Os compromissos que se vão assumindo e os favores que se ficam a dever ao longo de muitos trajectos políticos explicarão muitos dos casos de favorecimento pouco claros, seja em negócios, seja em nomeações, que vão sendo conhecidos, e de muitos outros que ficam no segredo dos deuses.

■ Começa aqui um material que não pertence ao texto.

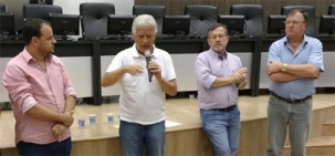 O deputado Rubens Bueno voltou a Câmara de Campo Mourão nesta quarta-feira. Desta vez foi para entregar emenda parlamentar da bancada do Paraná. São R$ 1,3 milhão para 11 municípios da região. Emenda de bancada tem caráter impositivo. Os recursos serão repassados para micro-ônibus e equipamentos para postos de saúde. Os prefeitos João Cláudio Romero (Quinta do Sol), Ricardo Radomski (Mamborê) e Tauillo Tezelli (Campo Mourão) participaram. .
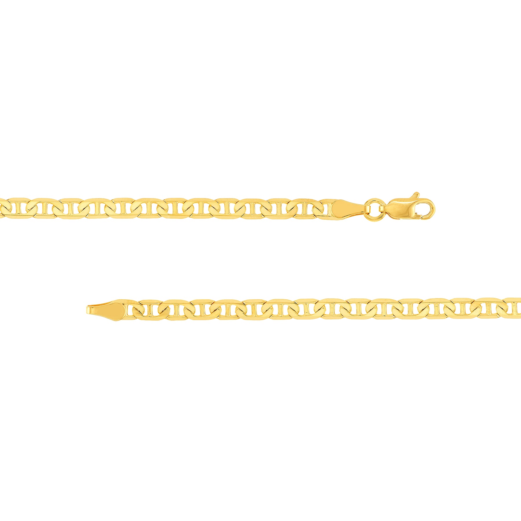 Display a one-of-a-kind look with this Mariner Chain. The unique shape is sure to catch attention. This chain measures 3.7mm and is fastened by a lobster lock.

Quem sofre as consequências deste modus operandi é, naturalmente, o País e a sua população, pois para além de ter com regularidade pessoas menos capazes, ou mesmo incompetentes, em lugares de elevada importância para o seu desenvolvimento, vê, muitas vezes, os favores devidos por outros serem pagos com o seu património ou com o desrespeito
pelas leis que deveriam ser para todos. O resultado disso mesmo pode observar-se também na região de Leiria, com notórios impactos na qualidade da vida cívica das pessoas, para além da distorção de critérios elementares da justiça
pública.
Aproximam-se três actos eleitorais.
Toda a atenção é pouca, caros eleitores.»

Este texto devia estar escrito à porta das mesas de voto.
De Pedro Oliveira a 20 de Fevereiro de 2009 às 08:23
Este texto devia ser emoldurado e colocado na sede dos partidos.
Um texto oportuno e cheio de verdades.Assim vai a pardidocracia em Portugal.